El tomate mexicano vuelve al ojo del huracán comercial. A partir del 14 de julio, la mayoría de las importaciones de este producto a Estados Unidos estarán sujetas a un arancel del 20.91%, según lo anunció este lunes el Departamento de Comercio del país vecino.
La decisión marca un giro en la relación comercial entre ambas naciones, al dar por terminado el acuerdo de 2019 que, durante la primera administración de Donald Trump, había congelado una disputa arancelaria con los productores mexicanos.
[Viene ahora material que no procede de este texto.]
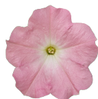
Light Pink Morn PH0118P
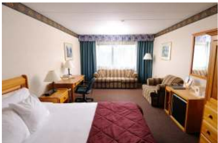
Executive Room: $124.99
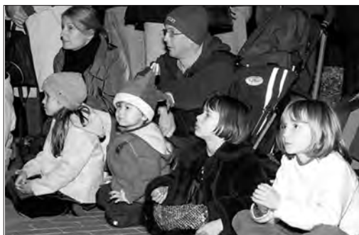
Future NHA members enjoying the “Magic of the Music”
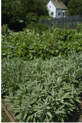
Miksch & Triebel Gardens, Old Salem
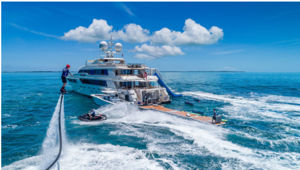
Exterior with all the toys
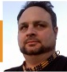
Roaming Buffalo Wabanaki Indigenous Talking Circle Keeper
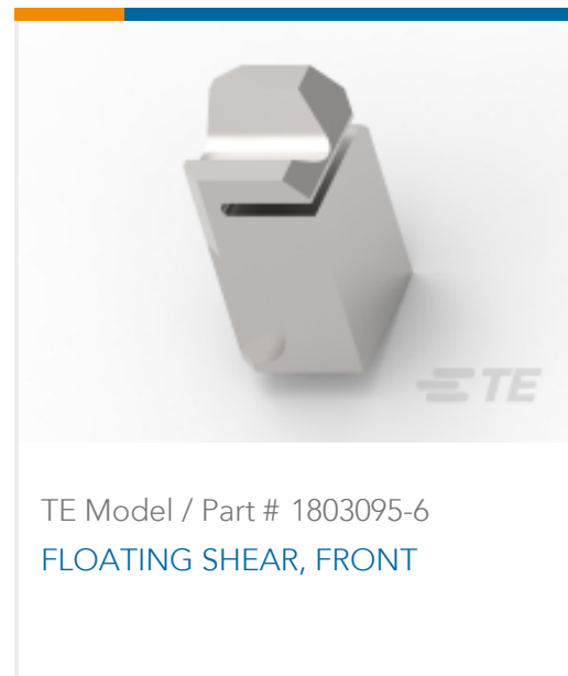
TE Model / Part # 1803095-6 FLOATING SHEAR, FRONT

Según autoridades estadounidenses, esta nueva imposición busca equilibrar la competencia: “Con este arancel, nuestros productores podrán enfrentar el mercado en condiciones más justas”, indicó el comunicado oficial.
La medida llega después de reiteradas quejas por parte de agricultores norteamericanos, quienes aseguraban que el pacto firmado hace cinco años no ofrecía suficiente protección contra lo que consideran competencia desleal. Tras la firma del acuerdo, se había suspendido una investigación antidumping en curso contra el tomate fresco mexicano.
Estados Unidos representa el mayor destino para el tomate cultivado en México. Tan solo en 2023, el valor de las exportaciones superó los 2 mil 700 millones de dólares, según cifras del Departamento de Agricultura.